Could it be too good to be true? Thanks to Lasso, we've discovered this article in the WaPo (bugmenot needed) discussing how DeLay may have botched things up for his own seat in the House by forcing the redistricting into motion:
Though the change has received little notice, DeLay's strength in his suburban Houston congressional district of strip malls and housing developments has eroded considerably -- forcing him to renew his focus on protecting his seat.We here at Pinkdome love our irony, especially when it bites Tom DeLay in the ass.DeLay garnered 55 percent of the vote in the November election against a relatively unknown Democrat, an unusually modest showing for a veteran House member who is one of the most powerful politicians in Washington.

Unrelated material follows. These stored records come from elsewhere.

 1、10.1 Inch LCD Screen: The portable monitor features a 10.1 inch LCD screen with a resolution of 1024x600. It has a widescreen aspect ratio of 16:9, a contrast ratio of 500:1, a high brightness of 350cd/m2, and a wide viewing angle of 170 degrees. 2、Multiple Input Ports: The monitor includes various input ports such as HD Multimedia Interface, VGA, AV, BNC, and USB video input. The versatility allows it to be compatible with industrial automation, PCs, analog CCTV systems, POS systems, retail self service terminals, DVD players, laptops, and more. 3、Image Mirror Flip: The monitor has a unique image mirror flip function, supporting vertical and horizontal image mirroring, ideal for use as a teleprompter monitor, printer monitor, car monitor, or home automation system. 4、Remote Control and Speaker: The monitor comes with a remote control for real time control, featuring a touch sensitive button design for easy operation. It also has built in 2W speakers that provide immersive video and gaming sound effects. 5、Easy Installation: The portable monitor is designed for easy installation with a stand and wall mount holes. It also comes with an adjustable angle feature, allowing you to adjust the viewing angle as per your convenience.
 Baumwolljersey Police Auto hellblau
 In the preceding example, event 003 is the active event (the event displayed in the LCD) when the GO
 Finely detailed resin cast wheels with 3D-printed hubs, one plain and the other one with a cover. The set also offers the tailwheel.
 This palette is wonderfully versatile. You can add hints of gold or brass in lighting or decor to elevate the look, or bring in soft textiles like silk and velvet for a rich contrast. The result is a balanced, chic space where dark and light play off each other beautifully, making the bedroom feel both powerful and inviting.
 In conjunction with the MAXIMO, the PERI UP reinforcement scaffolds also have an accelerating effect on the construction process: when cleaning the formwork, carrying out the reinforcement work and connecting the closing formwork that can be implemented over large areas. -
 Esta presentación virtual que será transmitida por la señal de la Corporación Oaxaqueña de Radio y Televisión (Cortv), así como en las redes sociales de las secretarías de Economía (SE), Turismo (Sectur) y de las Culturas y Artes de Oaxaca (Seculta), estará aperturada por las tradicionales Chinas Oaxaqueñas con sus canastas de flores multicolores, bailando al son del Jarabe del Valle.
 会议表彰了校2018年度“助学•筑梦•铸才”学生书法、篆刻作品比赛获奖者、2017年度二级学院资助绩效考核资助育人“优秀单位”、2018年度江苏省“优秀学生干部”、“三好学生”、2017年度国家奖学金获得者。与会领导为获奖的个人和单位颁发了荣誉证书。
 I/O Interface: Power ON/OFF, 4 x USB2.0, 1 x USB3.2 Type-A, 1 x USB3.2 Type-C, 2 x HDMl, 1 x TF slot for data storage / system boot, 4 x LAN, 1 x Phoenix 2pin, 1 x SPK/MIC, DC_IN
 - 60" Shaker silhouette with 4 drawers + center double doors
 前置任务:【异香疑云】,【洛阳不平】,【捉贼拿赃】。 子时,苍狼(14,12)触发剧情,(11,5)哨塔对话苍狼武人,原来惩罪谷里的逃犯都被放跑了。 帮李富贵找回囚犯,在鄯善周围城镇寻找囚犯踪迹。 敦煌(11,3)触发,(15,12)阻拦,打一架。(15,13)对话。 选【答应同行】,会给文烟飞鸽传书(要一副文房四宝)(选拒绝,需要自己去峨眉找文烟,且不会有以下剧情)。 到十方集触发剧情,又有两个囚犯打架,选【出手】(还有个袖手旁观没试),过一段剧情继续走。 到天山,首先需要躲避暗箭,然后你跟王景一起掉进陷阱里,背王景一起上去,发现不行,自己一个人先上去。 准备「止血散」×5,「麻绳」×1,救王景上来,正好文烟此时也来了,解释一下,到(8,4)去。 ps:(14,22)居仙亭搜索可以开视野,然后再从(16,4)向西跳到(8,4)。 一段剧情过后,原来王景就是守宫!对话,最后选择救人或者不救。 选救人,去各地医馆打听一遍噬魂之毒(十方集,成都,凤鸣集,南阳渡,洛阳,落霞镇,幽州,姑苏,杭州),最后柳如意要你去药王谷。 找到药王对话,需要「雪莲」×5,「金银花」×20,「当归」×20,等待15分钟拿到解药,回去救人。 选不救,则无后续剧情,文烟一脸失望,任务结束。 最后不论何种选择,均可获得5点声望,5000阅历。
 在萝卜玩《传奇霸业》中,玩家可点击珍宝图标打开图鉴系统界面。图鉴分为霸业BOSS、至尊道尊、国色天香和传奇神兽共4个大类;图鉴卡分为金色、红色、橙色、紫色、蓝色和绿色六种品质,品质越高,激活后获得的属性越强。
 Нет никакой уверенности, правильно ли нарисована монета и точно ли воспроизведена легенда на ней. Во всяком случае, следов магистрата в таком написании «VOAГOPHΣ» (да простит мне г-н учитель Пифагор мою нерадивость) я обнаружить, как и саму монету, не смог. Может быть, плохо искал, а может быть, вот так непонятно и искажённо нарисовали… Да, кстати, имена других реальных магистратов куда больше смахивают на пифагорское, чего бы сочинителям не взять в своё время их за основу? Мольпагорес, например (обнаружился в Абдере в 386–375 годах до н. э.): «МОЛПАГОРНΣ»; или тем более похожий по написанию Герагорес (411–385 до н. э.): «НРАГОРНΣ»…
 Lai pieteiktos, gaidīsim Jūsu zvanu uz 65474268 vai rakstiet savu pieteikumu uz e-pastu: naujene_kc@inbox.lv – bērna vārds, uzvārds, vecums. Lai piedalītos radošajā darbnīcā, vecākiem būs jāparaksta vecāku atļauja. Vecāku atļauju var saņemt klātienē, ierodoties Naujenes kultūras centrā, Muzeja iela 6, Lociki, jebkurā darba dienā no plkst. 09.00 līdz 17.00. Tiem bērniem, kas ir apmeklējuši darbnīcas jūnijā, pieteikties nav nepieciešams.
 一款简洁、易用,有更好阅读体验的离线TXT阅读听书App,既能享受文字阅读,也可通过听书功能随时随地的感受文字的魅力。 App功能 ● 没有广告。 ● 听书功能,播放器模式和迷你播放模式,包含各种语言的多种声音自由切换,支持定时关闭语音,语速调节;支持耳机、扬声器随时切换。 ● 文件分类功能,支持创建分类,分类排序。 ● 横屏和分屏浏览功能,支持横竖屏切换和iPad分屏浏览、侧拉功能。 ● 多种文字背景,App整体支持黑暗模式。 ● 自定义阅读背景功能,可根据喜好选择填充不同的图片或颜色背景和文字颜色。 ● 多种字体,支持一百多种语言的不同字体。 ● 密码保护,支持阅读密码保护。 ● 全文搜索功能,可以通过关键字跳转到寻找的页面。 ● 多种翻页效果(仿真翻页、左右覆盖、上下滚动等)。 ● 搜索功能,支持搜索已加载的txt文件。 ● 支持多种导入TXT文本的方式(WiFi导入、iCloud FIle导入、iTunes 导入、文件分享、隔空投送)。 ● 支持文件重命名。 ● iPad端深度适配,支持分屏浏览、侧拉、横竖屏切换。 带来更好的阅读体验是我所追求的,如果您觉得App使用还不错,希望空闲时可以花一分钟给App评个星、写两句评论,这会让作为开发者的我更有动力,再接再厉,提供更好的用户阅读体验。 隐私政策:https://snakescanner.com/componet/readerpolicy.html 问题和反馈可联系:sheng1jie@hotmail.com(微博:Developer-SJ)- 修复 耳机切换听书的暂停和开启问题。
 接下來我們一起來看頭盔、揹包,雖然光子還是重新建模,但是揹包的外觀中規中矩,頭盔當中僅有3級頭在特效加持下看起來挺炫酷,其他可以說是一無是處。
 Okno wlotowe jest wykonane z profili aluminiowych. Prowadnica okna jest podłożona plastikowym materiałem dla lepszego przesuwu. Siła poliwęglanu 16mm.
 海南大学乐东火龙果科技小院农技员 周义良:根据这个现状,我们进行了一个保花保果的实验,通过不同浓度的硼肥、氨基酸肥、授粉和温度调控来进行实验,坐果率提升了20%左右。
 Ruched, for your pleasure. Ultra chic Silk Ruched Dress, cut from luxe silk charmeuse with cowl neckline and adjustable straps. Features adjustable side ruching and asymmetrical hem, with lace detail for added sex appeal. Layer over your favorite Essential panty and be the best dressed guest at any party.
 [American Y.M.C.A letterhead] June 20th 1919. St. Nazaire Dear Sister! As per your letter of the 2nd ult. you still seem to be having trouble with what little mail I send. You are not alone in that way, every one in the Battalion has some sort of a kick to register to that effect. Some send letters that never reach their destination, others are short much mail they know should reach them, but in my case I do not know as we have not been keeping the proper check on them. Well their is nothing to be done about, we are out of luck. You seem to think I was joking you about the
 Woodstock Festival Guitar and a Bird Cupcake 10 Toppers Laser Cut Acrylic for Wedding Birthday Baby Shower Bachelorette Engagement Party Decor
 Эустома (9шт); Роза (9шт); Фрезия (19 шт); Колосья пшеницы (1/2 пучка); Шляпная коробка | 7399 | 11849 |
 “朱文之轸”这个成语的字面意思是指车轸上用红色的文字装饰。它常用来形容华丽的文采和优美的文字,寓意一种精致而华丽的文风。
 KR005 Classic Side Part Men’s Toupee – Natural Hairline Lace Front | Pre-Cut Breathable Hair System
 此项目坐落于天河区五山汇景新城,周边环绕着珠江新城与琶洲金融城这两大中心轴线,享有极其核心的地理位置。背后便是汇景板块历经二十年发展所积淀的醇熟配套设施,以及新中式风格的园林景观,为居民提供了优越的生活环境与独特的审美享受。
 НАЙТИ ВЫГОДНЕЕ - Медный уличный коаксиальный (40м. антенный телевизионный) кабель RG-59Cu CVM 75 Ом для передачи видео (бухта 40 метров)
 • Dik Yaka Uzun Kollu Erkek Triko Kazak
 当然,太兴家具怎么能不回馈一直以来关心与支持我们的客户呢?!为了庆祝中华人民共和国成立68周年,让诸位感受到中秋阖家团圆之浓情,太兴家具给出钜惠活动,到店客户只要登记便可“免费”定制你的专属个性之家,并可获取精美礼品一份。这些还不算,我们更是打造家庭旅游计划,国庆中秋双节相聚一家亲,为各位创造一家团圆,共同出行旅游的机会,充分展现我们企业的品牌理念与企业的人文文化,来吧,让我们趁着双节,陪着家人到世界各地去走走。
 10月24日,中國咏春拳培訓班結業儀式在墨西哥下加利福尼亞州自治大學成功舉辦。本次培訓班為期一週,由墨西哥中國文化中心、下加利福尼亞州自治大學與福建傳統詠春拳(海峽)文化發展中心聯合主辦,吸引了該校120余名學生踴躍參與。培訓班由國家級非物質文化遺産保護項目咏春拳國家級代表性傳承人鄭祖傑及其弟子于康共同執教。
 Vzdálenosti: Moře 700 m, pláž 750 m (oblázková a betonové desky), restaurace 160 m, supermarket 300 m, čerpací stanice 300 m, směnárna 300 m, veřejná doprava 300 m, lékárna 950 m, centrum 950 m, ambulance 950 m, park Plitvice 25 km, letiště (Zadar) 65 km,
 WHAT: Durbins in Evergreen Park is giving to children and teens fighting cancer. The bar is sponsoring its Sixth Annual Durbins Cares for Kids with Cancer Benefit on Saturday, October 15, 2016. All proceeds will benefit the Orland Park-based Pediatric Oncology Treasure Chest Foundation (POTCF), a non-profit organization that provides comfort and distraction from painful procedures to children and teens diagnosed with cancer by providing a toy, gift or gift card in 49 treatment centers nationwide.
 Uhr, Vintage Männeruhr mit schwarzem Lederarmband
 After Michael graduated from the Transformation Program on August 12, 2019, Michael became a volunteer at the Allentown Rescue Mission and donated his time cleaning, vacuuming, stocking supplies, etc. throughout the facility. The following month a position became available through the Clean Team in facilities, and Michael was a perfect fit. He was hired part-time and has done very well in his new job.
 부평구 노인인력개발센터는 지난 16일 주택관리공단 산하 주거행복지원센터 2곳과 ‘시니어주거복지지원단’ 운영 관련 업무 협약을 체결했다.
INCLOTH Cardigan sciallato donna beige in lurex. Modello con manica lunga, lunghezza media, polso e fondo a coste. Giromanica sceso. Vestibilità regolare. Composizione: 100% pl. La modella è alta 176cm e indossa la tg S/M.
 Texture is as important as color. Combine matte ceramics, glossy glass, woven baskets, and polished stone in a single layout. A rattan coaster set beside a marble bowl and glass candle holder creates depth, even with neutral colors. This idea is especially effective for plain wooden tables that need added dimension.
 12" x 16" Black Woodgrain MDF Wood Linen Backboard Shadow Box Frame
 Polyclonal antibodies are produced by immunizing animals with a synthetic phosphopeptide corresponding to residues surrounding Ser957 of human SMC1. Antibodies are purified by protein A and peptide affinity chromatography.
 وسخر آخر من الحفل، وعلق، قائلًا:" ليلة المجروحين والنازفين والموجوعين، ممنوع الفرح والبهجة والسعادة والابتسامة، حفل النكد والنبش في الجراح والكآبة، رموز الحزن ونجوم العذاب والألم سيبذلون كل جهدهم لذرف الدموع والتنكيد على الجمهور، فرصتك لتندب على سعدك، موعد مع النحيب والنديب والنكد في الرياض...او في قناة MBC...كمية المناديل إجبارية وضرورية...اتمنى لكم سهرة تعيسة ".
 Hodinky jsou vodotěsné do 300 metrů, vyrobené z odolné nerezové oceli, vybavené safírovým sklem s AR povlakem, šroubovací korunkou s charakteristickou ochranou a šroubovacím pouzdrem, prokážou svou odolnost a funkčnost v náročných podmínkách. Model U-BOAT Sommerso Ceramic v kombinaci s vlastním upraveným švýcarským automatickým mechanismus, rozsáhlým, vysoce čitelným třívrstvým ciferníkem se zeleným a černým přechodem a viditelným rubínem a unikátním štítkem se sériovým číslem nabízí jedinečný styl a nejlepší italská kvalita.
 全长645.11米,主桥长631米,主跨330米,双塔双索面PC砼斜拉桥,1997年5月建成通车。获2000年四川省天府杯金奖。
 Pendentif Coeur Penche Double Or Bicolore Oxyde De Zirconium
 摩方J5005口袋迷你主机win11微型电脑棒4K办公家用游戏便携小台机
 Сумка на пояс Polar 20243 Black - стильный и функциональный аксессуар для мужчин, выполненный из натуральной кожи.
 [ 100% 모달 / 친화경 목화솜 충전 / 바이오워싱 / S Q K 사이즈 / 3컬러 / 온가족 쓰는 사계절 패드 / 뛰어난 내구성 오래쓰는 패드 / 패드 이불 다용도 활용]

Some Republican officials and DeLay supporters worry that with President Bush absent from the top of the ticket next year, liberal interest groups might target the conservative majority leader and spend millions of dollars on campaign ads to try to defeat him. . .
. . . DeLay now has to worry about "Texas 22," the congressional district he has represented for the past 21 years in the U.S. House. Ironically, the Texas redistricting plan he engineered over strong Democratic objections drained some vital Republican support and could make it tougher for him to win reelection. In his old district, DeLay took 60 percent of the vote in 2000 and 63 percent in 2002.